Nous assistons au changement de quart, Yann et Sylvestre prennent le relais d'autres marins sur le pont. Deux presque frères, deux amis. Yann est un jeune homme au coeur bon, mais dont la nature est restée un peu sauvage, au regard superbe et un peu farouche; « aux prunelles brunes légèrement fauves, courant très vite sur l'opale bleuâtre de ses yeux », comme si en lui bonheur et douleur étaient réunis en une osmose complexe. Sylvestre, jeune homme doux, aimé et attendu par sa grand-mère de 76 ans est angoissé par son départ imminent aux combats sur les lointaines terres d'Asie. Yann, lui, est attendu avec espoir et amour par Gaud, la belle Gaud. Une fille honnête, droite, instruite qui se meurt d'amour pour lui. Yann l'ignore, la rejette durement dans un premier temps. Ils finiront par se trouver et s'unir, mais il n'y aura pas de fin heureuse…
Une histoire sombre et tragique dans laquelle la vie est fragile, la Mer, mais aussi la Terre, engloutissant ces pauvres hères. Les rituels religieux, immuables, offrent un semblant d'espoir à ces fins tragiques, tel que celui du saint-sacrement, procession lente de femmes, et du prêtre venant bénir les navires en partance. Mais qu'on se s'y méprenne pas, seuls les éléments, la Nature, les paysages subsistent et sont les témoins indifférents aux drames humains.

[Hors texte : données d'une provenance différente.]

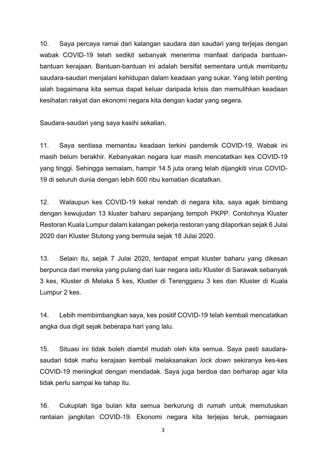 Perutusan Perkembangan Terkini PKPP Oleh Perdana Menteri Malaysia 20/07/2020 0400 PM Asrul Siaran Media 20 July 2020 Hits: 1353 Rating: ( 0 Rating ) Please Rate Vote 1 Vote 2 Vote 3 Vote 4 Vote 5 Lihat / Muat Turun PDF Facebook Twitter Prev Next

Dans la liste des thèmes évoqués au tout début de ce billet vous remarquerez que j'ai mis le soleil avant la mer. Le soleil est en effet omniprésent, presque davantage que la mer, peint sans cesse en des teintes diverses, il est même à un certain moment, alors que Yann est en Islande, Sylvestre de retour sur les mers de Chine, un point de ralliement entre ces trois terres : le même soleil, couchant et flamboyant en Asie, un peu voilé au petit matin en Islande, haut et clair à midi sur Paimpol…C'est l'élément qui relie les personnages d'une même contrée. Ce passage est d'une grande virtuosité. le couchant, sanglant, fait écho à l'agonie de Sylvestre, tandis que le soleil de l'aube, pâle, timide et caché, entre en résonance avec le désarroi et la timidité de Yann. Alors qu'il est haut et flamboyant à Paimpol, pour les vivants en attente, pour ceux qui espèrent en vaquant à leurs occupations. Le même soleil sans être tout à fait le même, le même soleil, témoin de tranches de vie entre des personnes reliées mais si éloignées, le même soleil écho des sentiments vécus…
« au couchant, on eût dit l'incendie de tout un monde, avec du sang plein les nuages; par le trou de ce sabord ouvert entrait une large bande de feu rouge, qui venait finir sur le lit de Sylvestre, faire un nimbe autour de lui. ... A ce moment, ce soleil se voyait aussi, là-bas, en Bretagne, où midi allait sonner. Il était bien le même soleil, et au même instant précis de sa durée sans fin; là, pourtant, il avait une couleur très différente; se tenant plus haut dans un ciel bleuâtre; il éclairait d'une douce lumière blanche la grand'-mère Yvonne, qui travaillait à coudre, assise sur sa porte. En Islande, où c'était le matin, il paraissait aussi, à cette même minute de mort ».